Paquita de Armas
Revista La Jiribilla, 2007
Holguineras
y holguineros con más de sesenta años recuerdan que antes de 1959 en el parque
Calixto García —el más céntrico de aquella ciudad— se daban dos vueltas, una alrededor
de unos bancos, en la que paseaban muchachas y muchachos de cierto abolengo, y
la otra, más ancha, por la que transitaban pobres y negros. Claro, no faltaba
el joven apuesto y pudiente, que detrás de una mulatita o una sirvienta fuera
parte de la rueda grande.
Ir
al parque entonces —y ahora— ha devenido una suerte de rito: allí se flirtea y
también es un lugar de citas de todo tipo. Hoy, por supuesto, no existen
vueltas divisorias. Dos amigos de cualquier color pueden quedar en encontrarse
en una de sus esquinas, o en un banco específico, para luego seguir la rumba
del sábado o el domingo. Y aunque los que más abundan de noche son jóvenes, el
Parque que así se le dice al Calixto García, aunque haya muchos más, sirve a
las más diversas generaciones de descanso o lugar para refrescar con alguna
brisa en tardes tórridas. Fue precisamente en el Parque cuando una noche vi a
Faustino Oramas, El Guayabero, vestido con un saco azul oscuro por arriba de la
camisa blanca y con su tres tomado por la garganta con su mano grande y negra.

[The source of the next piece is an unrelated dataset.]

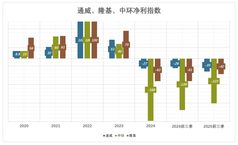 2023年,通威、隆基、中环扣非净利润分别降至136.1亿、108.4亿、25.7。隆基利润指数保持在75.2、通威51.3几乎腰斩、中环跌破40。 2024年至暗时期,通威、隆基、中环利润指数分别为-26.6、-60.7、-168.1。 2025年前三季,中环、隆基亏损收窄(中环亏损60.3亿、同比减亏12.8%,隆基亏损44.5亿、同比减亏31.2%),通威亏损放大(亏损54.7亿、同比多亏35.5%)。

Una de mis amigas de la secundaria básica José Martí —racista como una buena
cantidad de holguineros— lo señaló y dijo: «Mira ese negro que cree que canta y
solo dice groserías».
Si
hoy yo dijera que salí en defensa de El Guayabero mentiría. Tampoco lo hice
cuando empecé a trabajar a principios de los años setenta en el periódico
Ahora, y su presencia dividía las opiniones: tipógrafos, cajistas, impresores y
algún periodista lo trataban de artista; los otros decían que todo lo que decía
era vulgar y soez, sin ningún aporte cultural.
Cuando
fui a estudiar a Santiago de Cuba, en las noches que pasé en La Isabelica, centro de
reunión de trovadores y poetas, fue que aprehendí a El Guayabero. Todavía tengo
intacta la memoria de un día que empatando una canción con otra, nos dieron las
cinco de la mañana y la mayoría eran del juglar holguinero, que sin estar
presente fue el gran protagonista.
No
creo que yo sea una excepción. Pienso que para muchos de mis coterráneos El Guayabero
pasó de ser el «negro flaco con doble sentido» al trovador original y
raigalmente cubano, que con su picaresca humorística logró enamorarnos de una
manera de hacer el son. Mirando hacia atrás me pregunto cuántos sinsabores tuvo
que sufrir Oramas antes que fuera reconocido como artista. En Holguín desafió
un doble problema: los rezagos racistas de una ciudad nacida entre blancos
hacendados españoles, con muy pocos esclavos, y ser intérprete del son, con un
doble sentido que en mentes mediocres y mal pensadas hacía que fructificara lo
vulgar, sin que lo soez estuviera en las frases de El Guayabero.
Claro
que buena parte de su vida la pasó en el camino como típico juglar. De pueblo
en pueblo andaba, viviendo de «el cepillo» y con la aventura de acostarse donde
lo cogiera la noche. Así tuvo amantes, novias y líos como la trigueña que
conoció en Guayabero, casada con un cabo de la policía, y que sirvió para la canción
homónima, interpretada años después, en 1960, por Pacho Alonso y que le dio la
vuelta al mundo, para alegría de su compositor que ya había perdido su nombre
original.
Quizá,
como él mismo decía, la interpretación de Pacho le sirvió para ser conocido,
pero no fue hasta 1985 que grabara un disco, aunque ya por ese año recibía toda
la atención de las autoridades de su Holguín natal. Así, en vida, por suerte,
recibió todos los homenajes: medallas, premios, invitaciones y atención individualizada.
Pero
creo que el tributo mayor a El Guayabero ha sido el reconocimiento de sus
compatriotas que lo han reconocido como suyo desde lustros atrás. Al final la
historia hizo justicia y Faustino Orama devino para holguineras y holguineros
el hijo brillante y mundialmente conocido, que con humor logró que la música
cubana se afianzara en el sitial que merece. Y no por esperado fue menos
impresionante su sepelio. Las cámaras enseñaron varias cuadras llenas de
personas y otras decenas asomadas en balcones y azoteas, todas —viejas o
jóvenes, negras o blancas— diciendo adiós a su juglar, el que les hizo reír y
les tomó el pelo por décadas, con ese singular doble sentido dibujado con
santas palabras que nunca dieron cabida al mal gusto o lo pedestre.